I just learn about word embedding and I think the word vector can be learned by CBOW or Skip-gram procedure. And I have two questions about word embedding in Pytorch.
The first one–How to understand nn.Embedding in Pytorch
I think I don’t have a good understanding of Embedding in Pytorch. Is the nn.Embedding has the same function with nn.Linear in Pytorch. I think the nn.Embedding just like shallow fully connected network.
And, if not, how the weights of nn.Embedding are fine-tuned during the training process.

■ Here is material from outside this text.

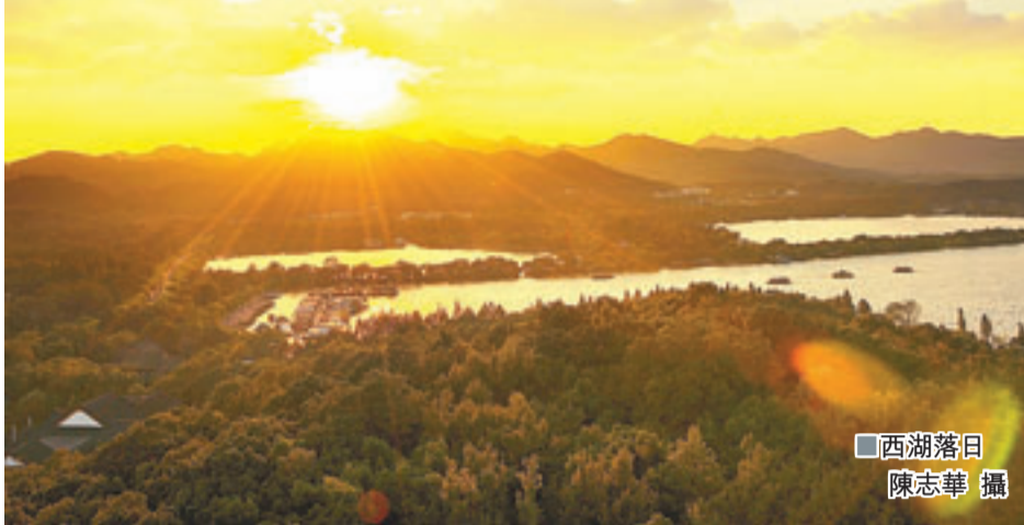
西湖落日

The second one–How to implement skip-gram(or CBOW) in Pytorch
The second question, I want to to know how to implement skip-gram(or CBOW) in Pytorch, are the following two networks correctly implement CBOW and Skip-gram. (The weight of nn.Embedding is the word vector)
class CBOWModeler(nn.Module):
def __init__(self, vocab_size, embedding_dim, context_size):
super(CBOWModeler, self).__init__()
self.embeddings = nn.Embedding(vocab_size, embedding_dim)
self.linear1 = nn.Linear(context_size*embedding_dim, 128)
self.linear2 = nn.Linear(128, vocab_size)
def forward(self, x):
embeds = self.embeddings(x).view(1,-1)
output = self.linear1(embeds)
output = F.relu(output)
output = self.linear2(output)
log_probs = F.log_softmax(output, dim=1)
return log_probs
class SkipgramModeler(nn.Module):
def __init__(self, vocab_size, embedding_dim, context_size):
super(SkipgramModeler, self).__init__()
self.context_size = context_size
self.embeddings = nn.Embedding(vocab_size, embedding_dim)
self.linear1 = nn.Linear(embedding_dim, 128)
self.linear2 = nn.Linear(128, context_size*vocab_size)
def forward(self,x):
embeds = self.embeddings(x).view(1,-1)
output = self.linear1(embeds)
output = F.relu(output)
output = self.linear2(output)
log_probs = F.log_softmax(output, dim=1).view(self.context_size, -1)
return log_probs
So, if I want to use embedding in nlp task, should I first train like above to obtain to weight of embedding.
Thanks for replying.